Task description:
Among the entries below, find the line with "Omni-Step 12V trappetrin, enkelt." and the line with "年少さんは16人の誕生児をお". Return exactly those lines and every line between them, but no pictures.

Saved entries:
# # # # # # #

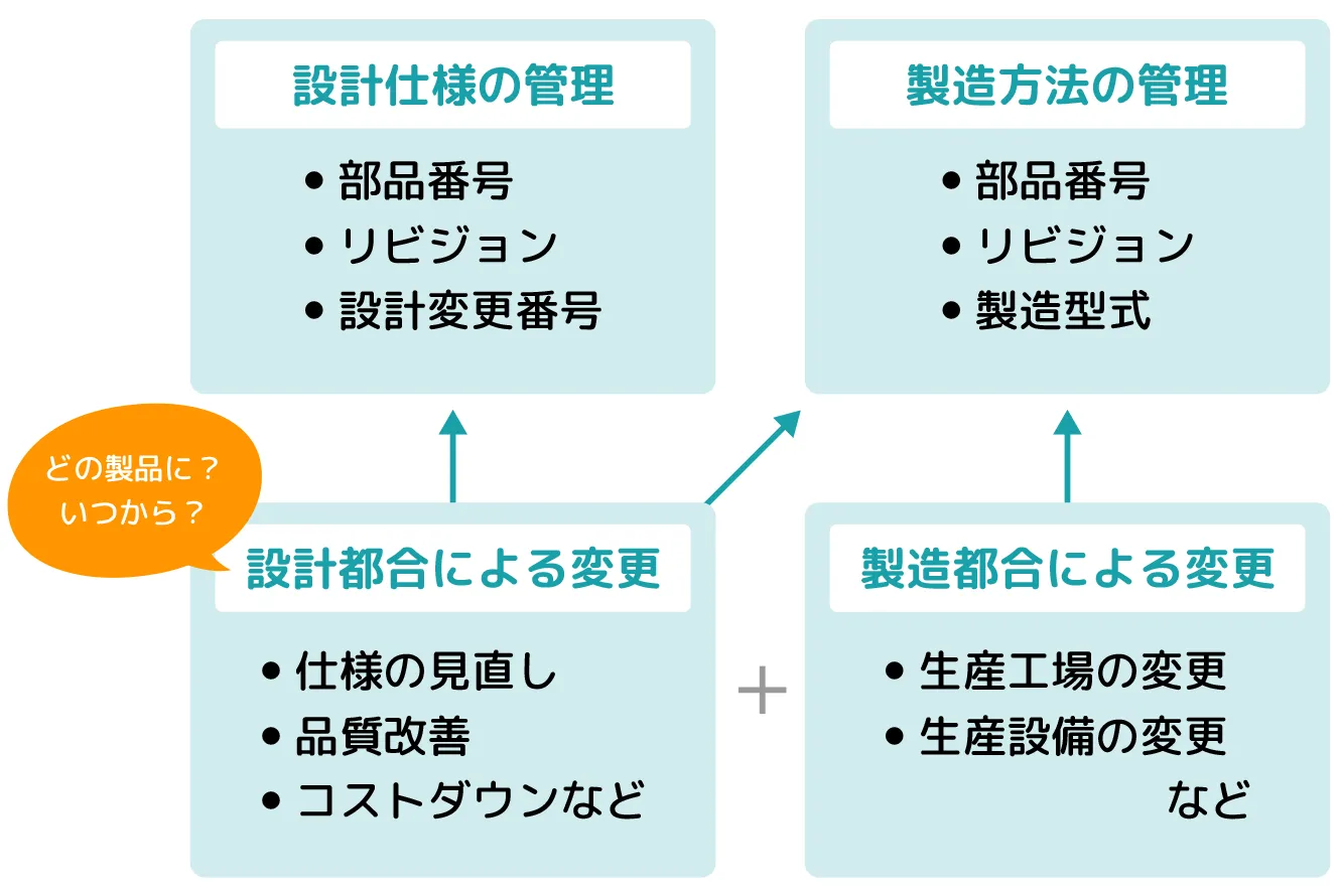 設計部門では、仕様見直し、品質改善、コスト削減といった目的からE-BOMが変更されますが、従来のシステムでは出図された図面や仕様書が製造現場の工程設計に十分に活かされないため 、どの部品や工程が設計変更の影響を受けるのかを正確に把握することが難しく、製造部門への影響が後から判明するという課題がありました 。
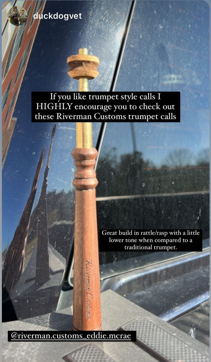 If you like trumpet style calls, I HIGHLY encourage you to check out these Riverman Customs trumpet calls! Great built-in rasp with a little lower tone when compared to a traditional trumpet. Thanks Riverman!
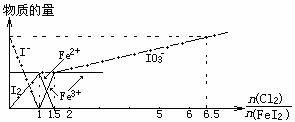13.向FeI2溶液中不断通入Cl2,溶液中I-、I2、IO3-、Fe2+、Fe3+等粒子物质的量随n(Cl2)/n(FeI2)(即Cl2与FeI2的物质的量之比)的变化可用下图简单表示(“-”表示铁各种价态的变化,用“- · -”表示碘各种形态的变化)。
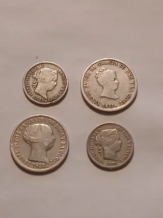Lotteria di quattro monete di Isabel II in argento. - una da un Real 1859. - due da due Reales 1850 e 1852. - una da 10 centesimi di scudo 1865. Buono stato generale. Consegna a mano a Madrid. Possibilità di spedizione certificata. Assoluta serietà.
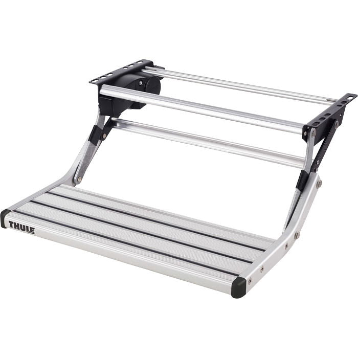 Omni-Step 12V trappetrin, enkelt. Til /n fastmontering - kan klappes op under /n campingvognen/køretøjet. Fremstillet af /n skridsikker profilaluminium, anodiseret ophæng. /n Trinnets mål: B 55,1 x D 26,5 cm. Vægt: 5,35 kg.
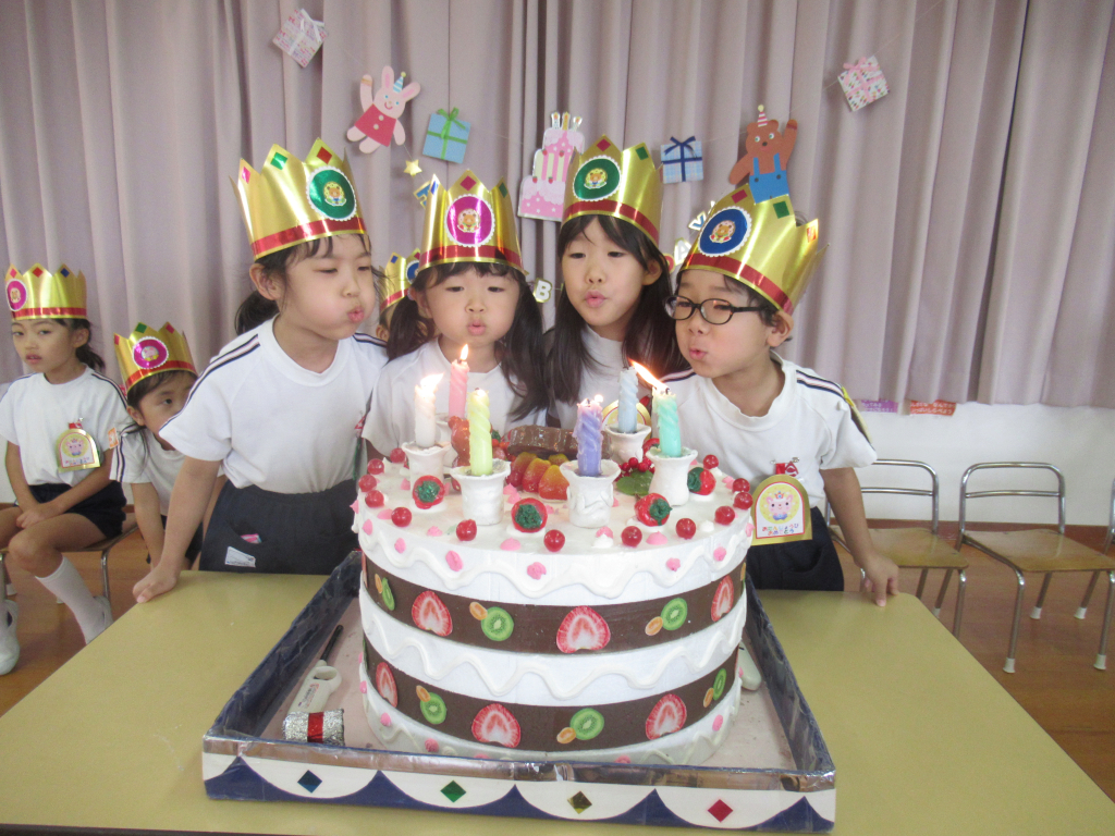 年少さんは16人の誕生児をお祝いしました!緊張しながらも自分の名前や好きな食べ物を発表することができ、成長を感じることができました。出し物のマジックでは、「すごーい!」と思わず身体が前のめりになったり、拍手したりして大盛り上がり!!
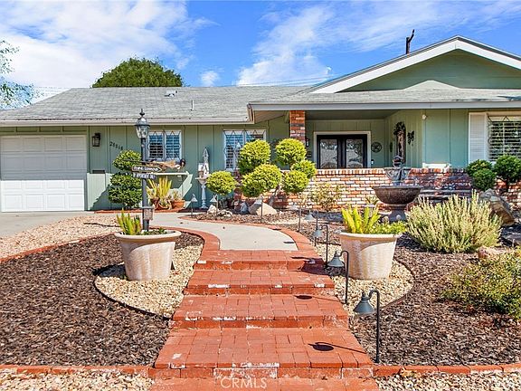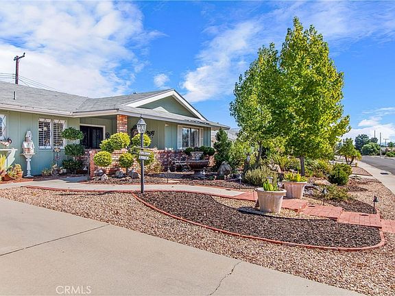 Nestled it the heart of Menifee's senior housing sector this updated, turnkey and very well cared for home is ready for it's new owner! From front to back, top to bottom, inside and out...this home screams pride of ownership!!! Entering this home you'll notice custom French entry doors that lead right into your main dining and living areas offering a semi-open layout, warm laminate flooring, tons of natural light pouring in through the newer French doors and dual pane white vinyl window, newer baseboards and recessed LED lighting. Leading off the main living area is your kitchen very well appointed with new countertops, stainless steel appliances, beautiful cabinets, large pantry and direct access to your garage and private laundry/hobby room. The spare bedroom offers an oversized footprint, plantation shutters and timeless chandelier. Both bathrooms are absolutely heavenly with a full update and character of their own. The final room in the house is your primary well appointed in size and offering a cozy view of your gardenlike backyard. Speaking of back yard this one is a greenthumb's paradise with citrus trees, multiple shaded seating areas, a potting center with sink and running water and to top if off complete privacy from all of your surrounding neighbors! It's rare to come across such a well loved home.....don't let it pass you up!

# # # # # # #

Your solution:
 Omni-Step 12V trappetrin, enkelt. Til /n fastmontering - kan klappes op under /n campingvognen/køretøjet. Fremstillet af /n skridsikker profilaluminium, anodiseret ophæng. /n Trinnets mål: B 55,1 x D 26,5 cm. Vægt: 5,35 kg.
 年少さんは16人の誕生児をお祝いしました!緊張しながらも自分の名前や好きな食べ物を発表することができ、成長を感じることができました。出し物のマジックでは、「すごーい!」と思わず身体が前のめりになったり、拍手したりして大盛り上がり!!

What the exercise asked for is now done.